Hey cool set up man +rep hey why dont you use light movers Im not there yet on my first grow but Im going to do sog lolli pop style like you and I think the light mover will be great, save energy and gives light all around the plants what you think about that?


----------



## tat2ue (Apr 5, 2010)

don2009 said:


> Hey cool set up man +rep hey why dont you use light movers Im not there yet on my first grow but Im going to do sog lolli pop style like you and I think the light mover will be great, save energy and gives light all around the plants what you think about that?


I seen a HID light set up on a light mover at one of the local hydro shops and it didn't impress me at all. IMO when the light is moved from point A to point B, point A is robbed of the necessary lumens I feel it needs to grow tight hard nugs.

I don't feel that a light mover with a 600w HPS attached will cover my 3'x8' table as efficiently as my three stationary 600w HPS over the same table. I know that with my three lights blasting down lumens constantly will produce better yields than one light trying to do the same job as three.

In my opinion the light mover is just a gimmick that is being sold on the premise of giving the same light coverage with half the lights needed. And of course they try to tell you how much money you will save on electricity running half the lights and still obtain the same results....Sorry but I just don't buy into that.


----------



## don2009 (Apr 5, 2010)

tat2ue said:


> I seen a HID light set up on a light mover at one of the local hydro shops and it didn't impress me at all. IMO when the light is moved from point A to point B, point A is robbed of the necessary lumens I feel it needs to grow tight hard nugs.
> 
> I don't feel that a light mover with a 600w HPS attached will cover my 3'x8' table as efficiently as my three stationary 600w HPS over the same table. I know that with my three lights blasting down lumens constantly will produce better yields than one light trying to do the same job as three.
> 
> In my opinion the light mover is just a gimmick that is being sold on the premise of giving the same light coverage with half the lights needed. And of course they try to tell you how much money you will save on electricity running half the lights and still obtain the same results....Sorry but I just don't buy into that.
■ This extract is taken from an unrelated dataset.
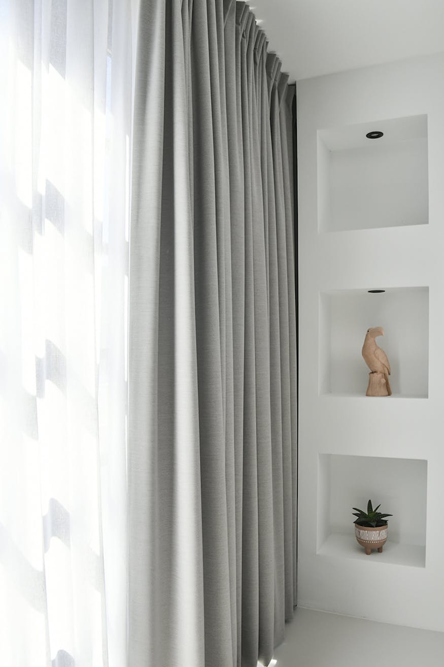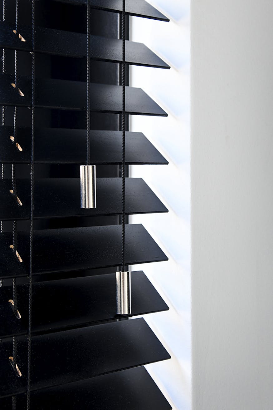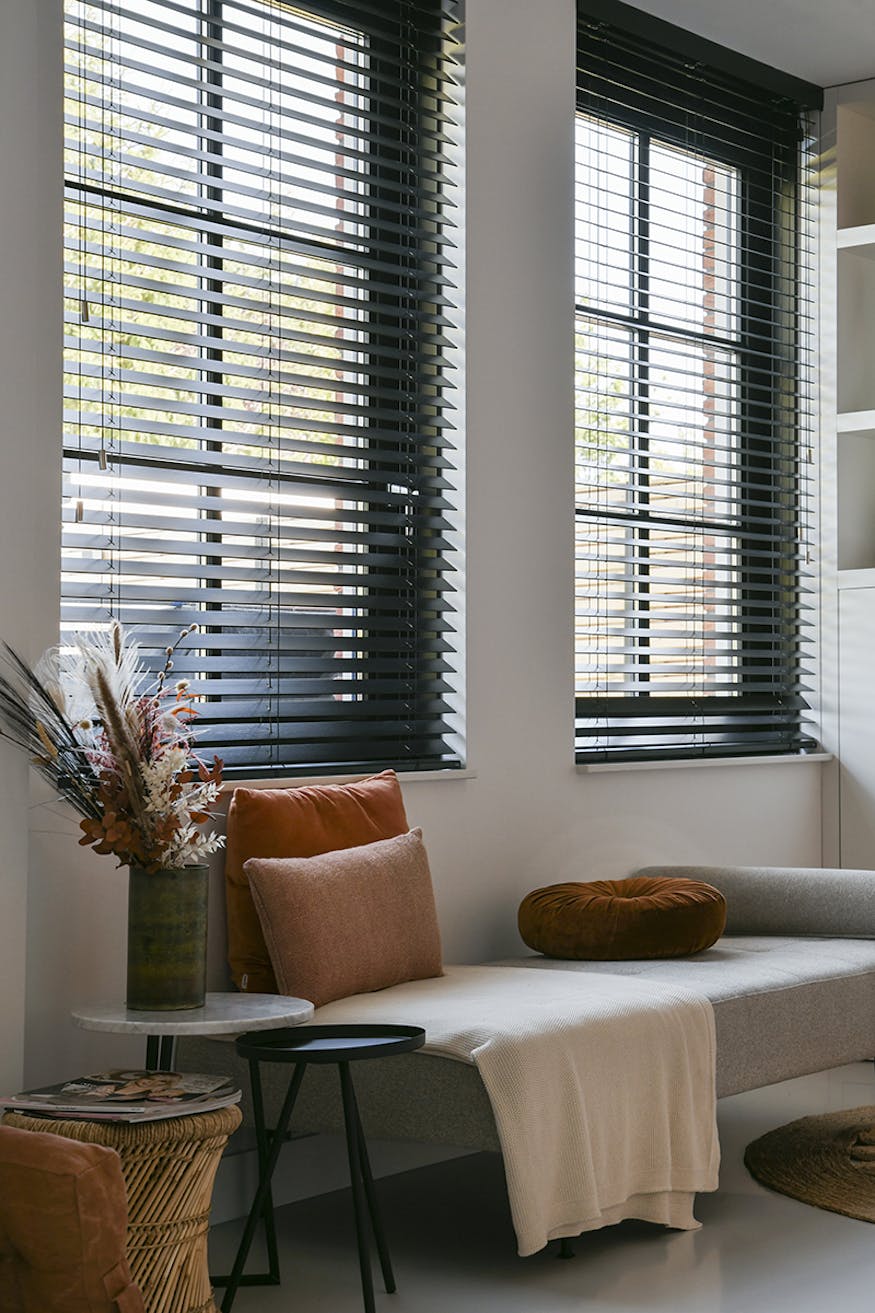 Trendy zwarte houten jaloezieën, sfeervolle gordijnen en een rolgordijn mini-cassette

You dream shatter! j/k Well that is something I can think of and ask questions about thanks bro + rep


----------



## carlos599 (Jun 16, 2011)

First time doing hydro and want to know the best way(yields most dried weight) can any one help


----------



## greenyield (Jun 16, 2011)

use hydroton to fill the table up and cover it with reflective material which also has some insulating value so that light and heat cant penetrate.

two planting options for a good weight that i have found is to use 64 plants in a 4' x 4' table with 12 days veg time and lollypopped for 8" to 12" long colas,
the other would be to use 25 plants in each 4' x 4' space and veg them for 20 days and top each plant when you have enough branches to leave 6 to 8 branches on each plant before you flip to 12/12.


----------



## 303 (Jun 16, 2011)

greenyield said:


> use hydroton to fill the table up and cover it with reflective material which also has some insulating value so that light and heat cant penetrate.
> 
> two planting options for a good weight that i have found is to use 64 plants in a 4' x 4' table with 12 days veg time and lollypopped for 8" to 12" long colas,
> the other would be to use 25 plants in each 4' x 4' space and veg them for 20 days and top each plant when you have enough branches to leave 6 to 8 branches on each plant before you flip to 12/12.


I dig it. I like option one. Better have one healthy mom though and successful cloning rates.. I'd also add a trellis.


----------